WHAT TO DO =
Within the listing below, please copy exactly the lines between the line holding "当神社の「干支絵馬」は、その年の干支をデザインした絵馬です。" and the line holding "Notons que Iekaterinbourg", inclusive.
THE DATA Block Start
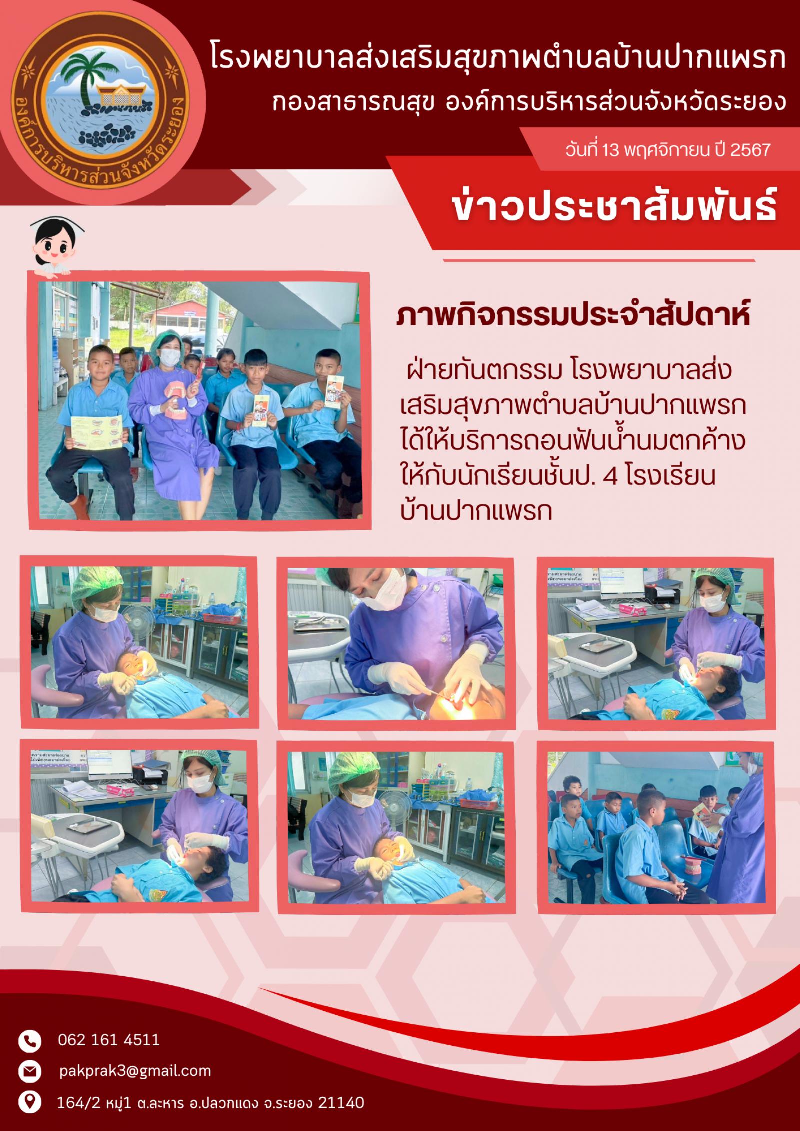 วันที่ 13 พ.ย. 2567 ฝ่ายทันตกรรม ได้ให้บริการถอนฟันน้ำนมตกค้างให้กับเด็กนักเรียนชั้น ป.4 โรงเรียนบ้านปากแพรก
THE DATA Block End
THE DATA Block Start
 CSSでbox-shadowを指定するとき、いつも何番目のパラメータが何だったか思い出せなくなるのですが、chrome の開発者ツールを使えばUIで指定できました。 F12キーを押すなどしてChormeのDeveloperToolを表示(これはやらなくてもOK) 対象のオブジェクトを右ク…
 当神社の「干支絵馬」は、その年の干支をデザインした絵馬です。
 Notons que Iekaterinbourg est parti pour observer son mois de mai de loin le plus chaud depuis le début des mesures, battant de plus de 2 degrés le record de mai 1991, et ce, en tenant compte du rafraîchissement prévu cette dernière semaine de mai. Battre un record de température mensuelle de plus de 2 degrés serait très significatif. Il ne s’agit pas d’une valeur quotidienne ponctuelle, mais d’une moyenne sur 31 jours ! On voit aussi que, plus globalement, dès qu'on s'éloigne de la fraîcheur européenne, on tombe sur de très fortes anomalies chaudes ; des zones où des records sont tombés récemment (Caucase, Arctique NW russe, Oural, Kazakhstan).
THE DATA Block End
THE DATA Block Start
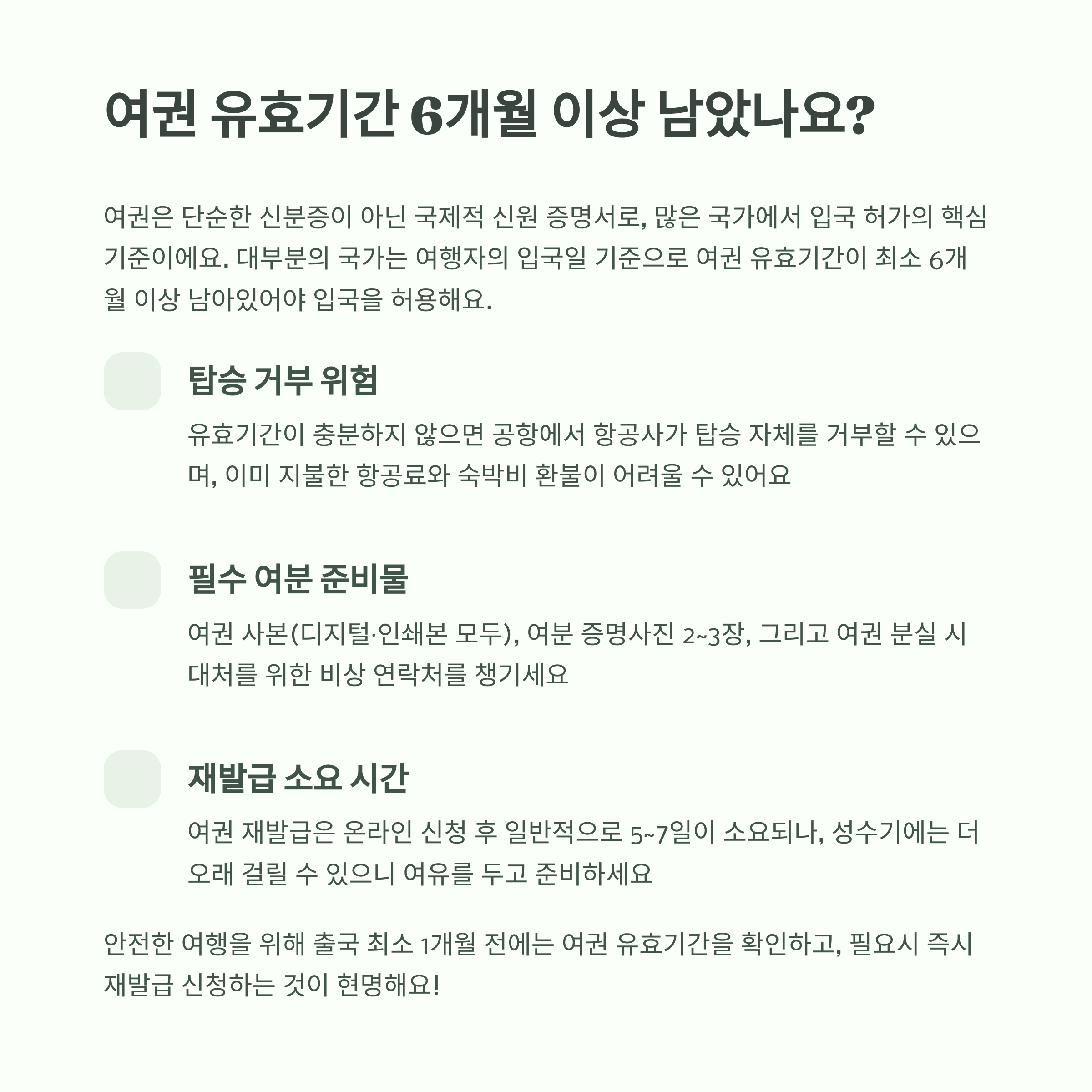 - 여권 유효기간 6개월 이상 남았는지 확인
THE DATA Block End
REPLY TO THE TASK =
 当神社の「干支絵馬」は、その年の干支をデザインした絵馬です。
 Notons que Iekaterinbourg est parti pour observer son mois de mai de loin le plus chaud depuis le début des mesures, battant de plus de 2 degrés le record de mai 1991, et ce, en tenant compte du rafraîchissement prévu cette dernière semaine de mai. Battre un record de température mensuelle de plus de 2 degrés serait très significatif. Il ne s’agit pas d’une valeur quotidienne ponctuelle, mais d’une moyenne sur 31 jours ! On voit aussi que, plus globalement, dès qu'on s'éloigne de la fraîcheur européenne, on tombe sur de très fortes anomalies chaudes ; des zones où des records sont tombés récemment (Caucase, Arctique NW russe, Oural, Kazakhstan).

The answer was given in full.